**Instructions to follow**
Leave the pictures behind and repeat all the entries exactly.
::::::
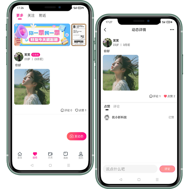 - 动态详情,展示动态内容,图片或视频,点赞,以及评论列表。
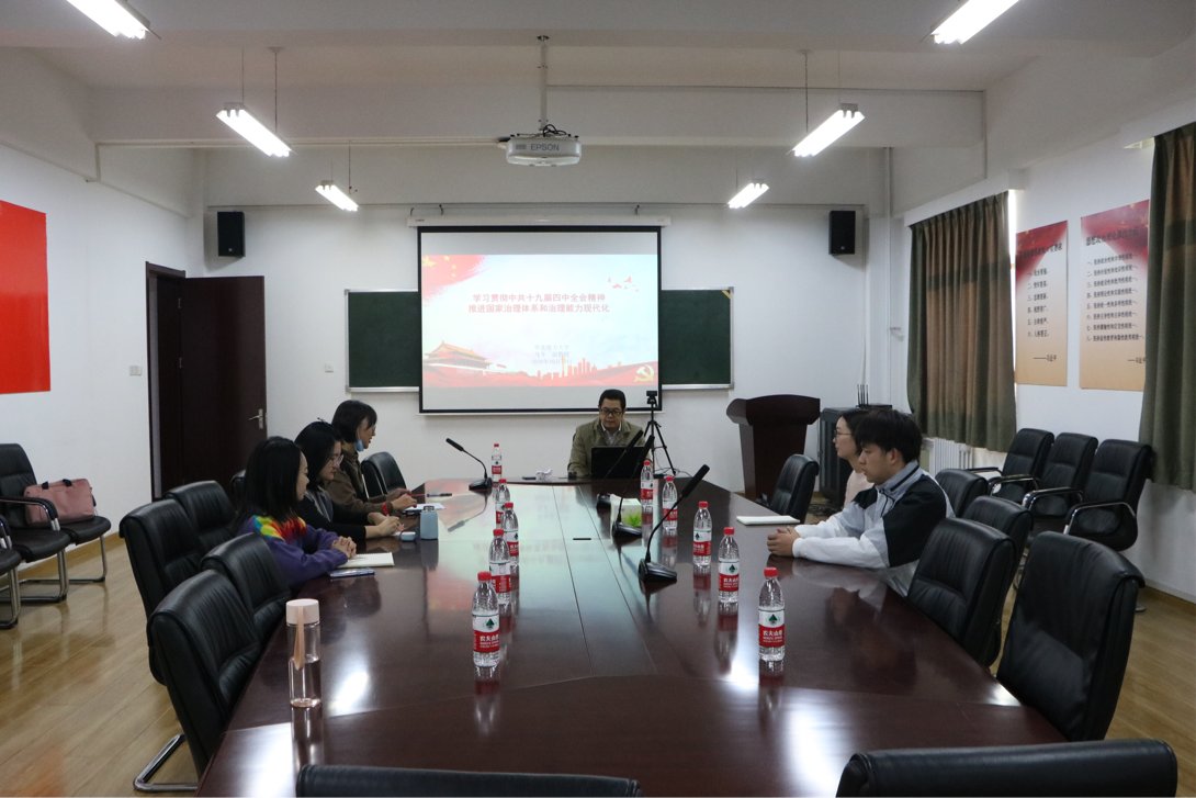 10月19日上午,beat365官方网站在教三C220开展入党积极分子党课培训活动。特别邀请到外国语学院党委副书记马冬老师作题为《学习贯彻中共十九届四中全会精神,推进国家治理体系和治理能力现代化》的讲座。本次活动由院研究生党支部书记刘彩霞主持,全体入党积极分子参加。
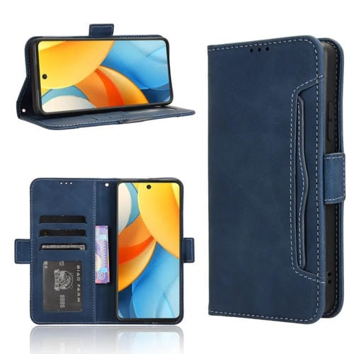 Funda de Piel Textura Becerro con Ranuras para Tarjetas para ZTE Blade V60 (Azul)
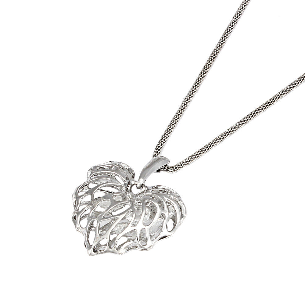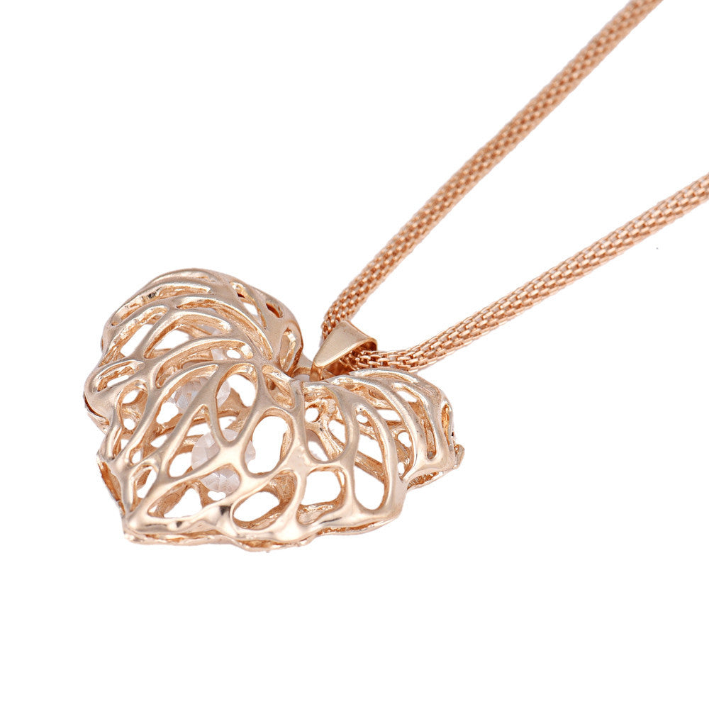 Women Hollow Heart Crystal Rhinestone Pendant Long Chain Necklace Wedding IMY66
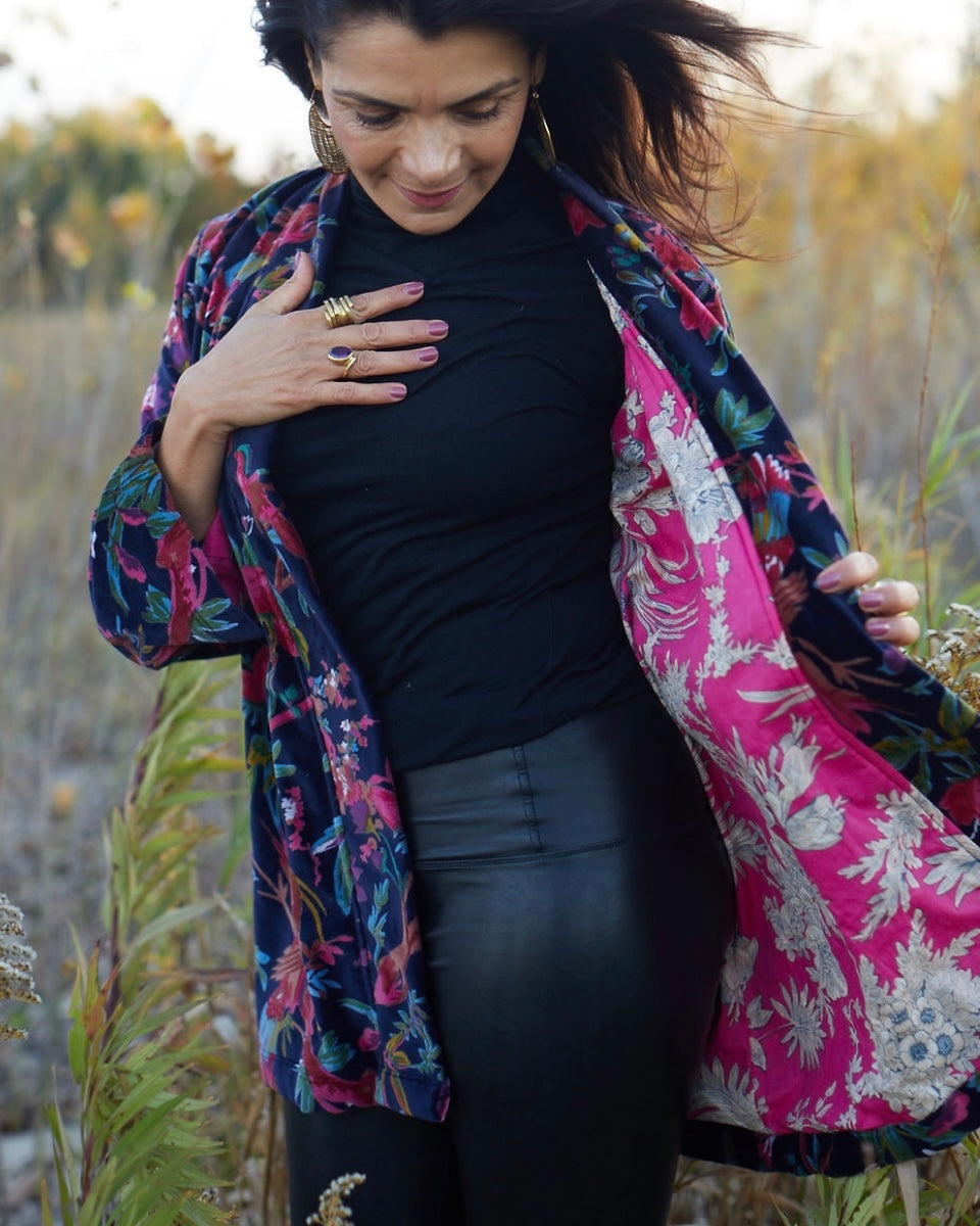 Our jackets are cozy and comfortable, perfect for cooler days and nights, or to wear around the house to uplift your mood.
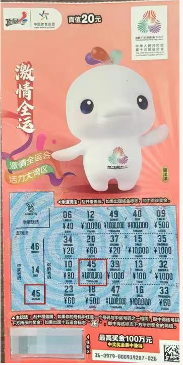 他继续说道:“我平时就喜欢购买刮刮乐,第二天我特意来到体彩网点。当时‘激情全运’这款新票的设计非常吸引我,运动主题与当时的观赛气氛特别契合,于是我买了三张试试手气。没想到,幸运来得如此突然,刮到第三张时,我就中了百万大奖!那一刻的喜悦难以形容。”
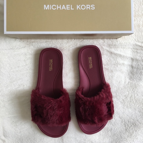 Michael Kors Mulberry Faux Fur Slide mk logo faux shearling slide
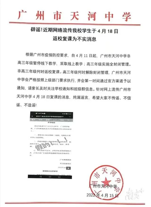 4月15日,广州中学、天河中学发布消息,18日复课为不实消息。根据广州市疫情防控要求,自4月11日起,广州中学非高三年级暂停线下教学,采取线上教学;高三年级实施全封闭管理。
::::::
**The completed task**
 - 动态详情,展示动态内容,图片或视频,点赞,以及评论列表。
 10月19日上午,beat365官方网站在教三C220开展入党积极分子党课培训活动。特别邀请到外国语学院党委副书记马冬老师作题为《学习贯彻中共十九届四中全会精神,推进国家治理体系和治理能力现代化》的讲座。本次活动由院研究生党支部书记刘彩霞主持,全体入党积极分子参加。
 Funda de Piel Textura Becerro con Ranuras para Tarjetas para ZTE Blade V60 (Azul)
 Women Hollow Heart Crystal Rhinestone Pendant Long Chain Necklace Wedding IMY66
 Our jackets are cozy and comfortable, perfect for cooler days and nights, or to wear around the house to uplift your mood.
 他继续说道:“我平时就喜欢购买刮刮乐,第二天我特意来到体彩网点。当时‘激情全运’这款新票的设计非常吸引我,运动主题与当时的观赛气氛特别契合,于是我买了三张试试手气。没想到,幸运来得如此突然,刮到第三张时,我就中了百万大奖!那一刻的喜悦难以形容。”
 Michael Kors Mulberry Faux Fur Slide mk logo faux shearling slide
 4月15日,广州中学、天河中学发布消息,18日复课为不实消息。根据广州市疫情防控要求,自4月11日起,广州中学非高三年级暂停线下教学,采取线上教学;高三年级实施全封闭管理。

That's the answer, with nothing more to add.